Univariate Statistics | margo's Blog

1. Types of Scales, or types of codes for variables:

        1. Nominal: categories are exclusive but bear no other relationship to each other. Ex: (1) Jews; (2) Protestants;
(3) Catholics; (4) Muslims. 2P does not equal M.
        2. Ordinal: categories are continuous and in ascending sequence but distance between two categories is not equal. Ex: ordinal scales of wealth. wealthiest, second wealthiest
. . .n wealthiest. The wealthiest does not necessarily have 3 times the wealth of the 3rd wealthiest.
        3. Interval: True numbers are potentially continuous and in ascending sequence and the distance between any two units of value is equal. Ex: family size. 1,2,3,4, etc.; income.1000,2000,3000.
        4. Ratio: interval variable with a zero point.
WARNING: Most interval scales are imperfect and tend to become ordinal or nominal at the extremes. Ex: 1000 income means more at 5000 than at 500,000. Always try for the highest possible scale, but recognize the limitations. Do not use mean X for a nominal scale and be aware of when you are ‘stretching’ a coding scheme.

2. Descriptive Statistics: used to describe the shape of values for a variable. How many, how often, gaps, central tendency, dispersion and so forth.
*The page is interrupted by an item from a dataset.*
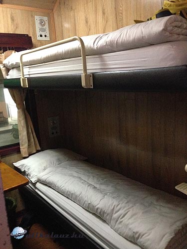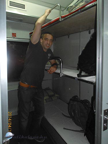 A vonat kifejezetten tiszta volt, a mosdókagyló kevésbé. A kabinos részek a szerelvény elején találhatóak, a peronokhoz csak a vonat érkezése előtt kb. fél órával engedik be az embereket. Mint kiderült, a kabinban a felsőnek vásárolt ágy valójában középső, 6 ágy van egy hálófülkében, a két legfelső viszont olyan alacsony, hogy ott európai ember nem férne el. A helyiek mérhetetlen rutinnal másztak fel az ajtó melletti kiálló mini lépcsőkön és meg sem mozdultak reggelig. A csomagot be lehet tenni az alsó ágy alá (fel kell emelni az ágy fekvő felületét).

1. The normal curve (bell shaped curve) is assumed to exist for many statistical problems. You will see why soon. Its key feature is that 68% of the cases fall within plus or minus one standard deviation (s) of the Mean (X) and 95% of the cases fall within + or – 2s of X.
2. Mean (X with a bar on top) – the sum of the values for a variable divided by the number of values (N). A measure of central tendency most accurate for normal curves.
3. Median – the point at which half of values are greater than and half the values are less than the point. A good measure of central tendency for skewed data (such as income) and for ordinal scales. Same goes for quartiles and percentiles.
4. Mode – the value occurring most frequently. A good measure of central tendency for small ordinal and nominal scales. Ex: Mean X for number of children per family might be 2.3 but the more important question in human research is whether the mode is 2 or 3.
5. Standard deviation (s) – the square root of the sum of the squared deviations from the mean divided by the number of cases. This has meaning primarily in terms of the normal curve (see above). Note that if many extreme scores are present, s is artifically large and percentiles may be a more appropriate measure of disperson.
6. Standard error – calculated as the standard deviation divided by the square root of the number of cases. A measure of the likely variance in means for second and subsequent samples. When reporting differences in means of subsamples, avoid making much ado about differences that are less than the standard error.
7. Variance – the square of the standard deviation. Used in more advanced procedures.
8. Kurtosis – the measure of the peakedness of a distribution of values
–i.e., is more or less peaked (greater or lesser central tendency) than the normal curve.
        1. leptokurtosis: more peaked, positive numbers
        2. platykurtosis: less peaked, negative numbers
9. Skewness – more extreme cases on one tail of the curve than the other. Skewness can be expected on the high side for
income or mobility, on the low side for number of children.
        ~ Skewed right: positive numbers (high values)
        ~ Skewed left: negative numbers (low values)
10. Range – the difference between the highest and lowest score
11. Minimum – lowest score
12. Maximum – highest score
13. Coefficient of variation (variability) – standard deviation divided by the mean. Gives the relative dispersion for samples or subsamples with different means.

3. Graphical Displays:

1. Histograms, density curves – display the shape of interval variables and allow you to compare the shape with a normal curve.
2. Stem and Leaf Diagrams – arrays the values of an interval variable vertically with a stem (the first one or more digits of
the value) and a leaf (the last digit of the value).
3. Boxplots – diplays an interval variable in a ‘box.’ with the median at the center of the box and the edges at the 25th and 75th percentiles
(hinges). Can be further specified by the inclusion of the whiskers, outliers and extreme values. More about this later.
4. Bar graphs – similar to a histogram but compares the size of different items. No measurement scale on the X axis.
5. Pie charts: Divides up categories of a universe into their pie slices.